#### PROBLEM TO WORK ON:
All of the data must be written out verbatim, with pictures excluded.

═════ INFORMATION SHOWN ═════

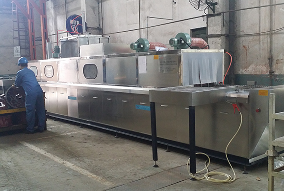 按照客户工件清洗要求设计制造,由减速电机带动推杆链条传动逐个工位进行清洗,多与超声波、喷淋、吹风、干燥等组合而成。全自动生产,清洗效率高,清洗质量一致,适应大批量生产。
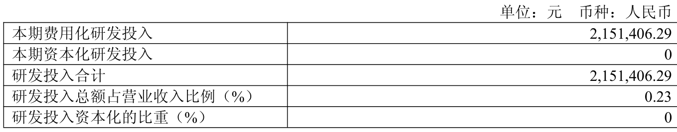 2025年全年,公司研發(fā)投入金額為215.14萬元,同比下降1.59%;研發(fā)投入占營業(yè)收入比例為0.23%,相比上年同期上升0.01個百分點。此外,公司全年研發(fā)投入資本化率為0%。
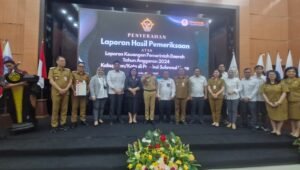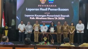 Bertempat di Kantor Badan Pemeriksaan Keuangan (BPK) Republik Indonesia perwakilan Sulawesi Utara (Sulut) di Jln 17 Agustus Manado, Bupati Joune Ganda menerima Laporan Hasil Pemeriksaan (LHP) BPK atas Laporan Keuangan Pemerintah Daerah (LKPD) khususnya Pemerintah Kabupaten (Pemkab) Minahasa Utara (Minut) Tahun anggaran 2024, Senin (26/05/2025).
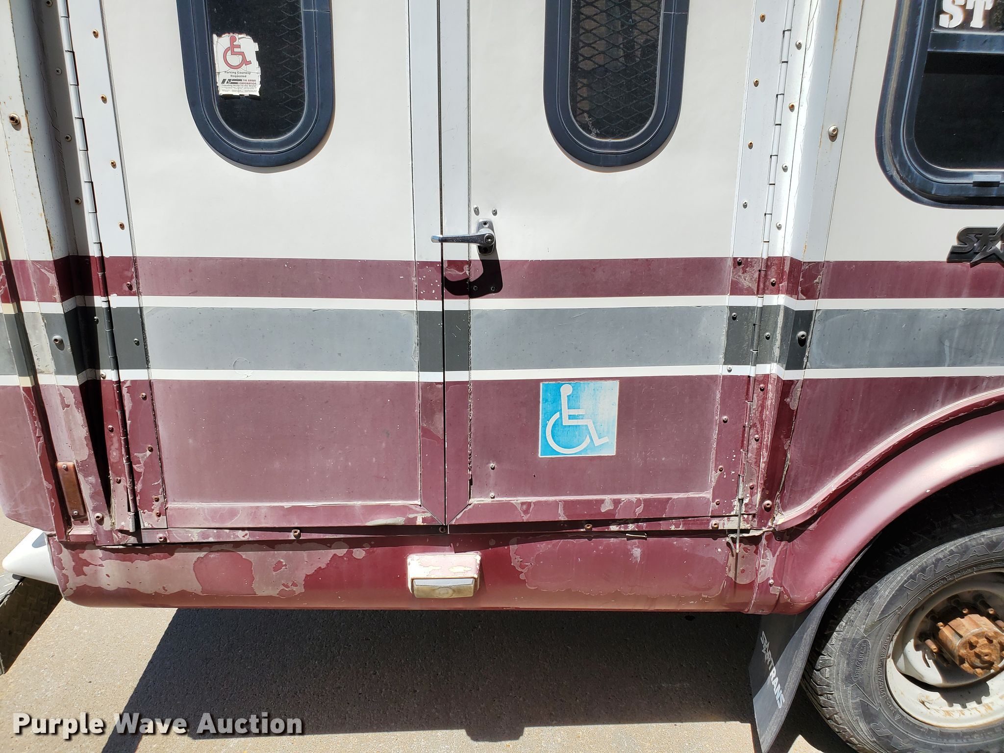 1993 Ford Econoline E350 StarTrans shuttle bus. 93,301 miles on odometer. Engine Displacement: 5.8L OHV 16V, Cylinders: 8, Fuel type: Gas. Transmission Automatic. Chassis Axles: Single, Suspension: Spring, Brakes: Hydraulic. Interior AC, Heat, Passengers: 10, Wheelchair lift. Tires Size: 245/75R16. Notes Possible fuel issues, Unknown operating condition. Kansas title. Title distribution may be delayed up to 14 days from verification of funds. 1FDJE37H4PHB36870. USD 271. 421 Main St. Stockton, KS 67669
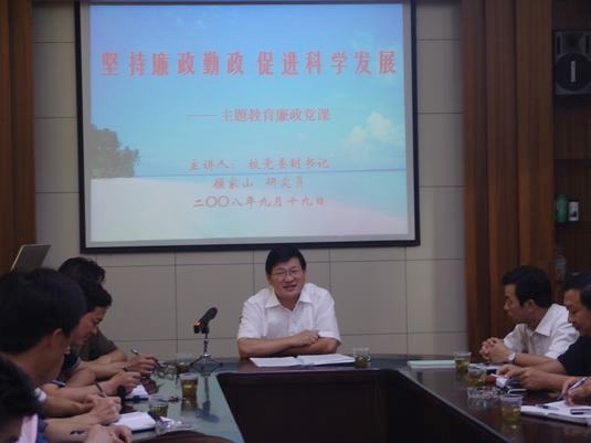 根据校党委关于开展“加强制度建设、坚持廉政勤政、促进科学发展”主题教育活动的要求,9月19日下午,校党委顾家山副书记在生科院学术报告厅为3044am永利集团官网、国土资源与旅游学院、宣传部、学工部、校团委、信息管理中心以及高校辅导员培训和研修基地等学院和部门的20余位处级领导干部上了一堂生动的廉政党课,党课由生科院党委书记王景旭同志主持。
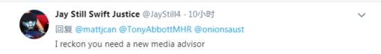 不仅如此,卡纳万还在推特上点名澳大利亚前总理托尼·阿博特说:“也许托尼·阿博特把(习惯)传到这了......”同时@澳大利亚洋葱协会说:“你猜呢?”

═════

#### RESPONSE AREA:
 按照客户工件清洗要求设计制造,由减速电机带动推杆链条传动逐个工位进行清洗,多与超声波、喷淋、吹风、干燥等组合而成。全自动生产,清洗效率高,清洗质量一致,适应大批量生产。
 2025年全年,公司研發(fā)投入金額為215.14萬元,同比下降1.59%;研發(fā)投入占營業(yè)收入比例為0.23%,相比上年同期上升0.01個百分點。此外,公司全年研發(fā)投入資本化率為0%。
 Bertempat di Kantor Badan Pemeriksaan Keuangan (BPK) Republik Indonesia perwakilan Sulawesi Utara (Sulut) di Jln 17 Agustus Manado, Bupati Joune Ganda menerima Laporan Hasil Pemeriksaan (LHP) BPK atas Laporan Keuangan Pemerintah Daerah (LKPD) khususnya Pemerintah Kabupaten (Pemkab) Minahasa Utara (Minut) Tahun anggaran 2024, Senin (26/05/2025).
 1993 Ford Econoline E350 StarTrans shuttle bus. 93,301 miles on odometer. Engine Displacement: 5.8L OHV 16V, Cylinders: 8, Fuel type: Gas. Transmission Automatic. Chassis Axles: Single, Suspension: Spring, Brakes: Hydraulic. Interior AC, Heat, Passengers: 10, Wheelchair lift. Tires Size: 245/75R16. Notes Possible fuel issues, Unknown operating condition. Kansas title. Title distribution may be delayed up to 14 days from verification of funds. 1FDJE37H4PHB36870. USD 271. 421 Main St. Stockton, KS 67669
 根据校党委关于开展“加强制度建设、坚持廉政勤政、促进科学发展”主题教育活动的要求,9月19日下午,校党委顾家山副书记在生科院学术报告厅为3044am永利集团官网、国土资源与旅游学院、宣传部、学工部、校团委、信息管理中心以及高校辅导员培训和研修基地等学院和部门的20余位处级领导干部上了一堂生动的廉政党课,党课由生科院党委书记王景旭同志主持。
 不仅如此,卡纳万还在推特上点名澳大利亚前总理托尼·阿博特说:“也许托尼·阿博特把(习惯)传到这了......”同时@澳大利亚洋葱协会说:“你猜呢?”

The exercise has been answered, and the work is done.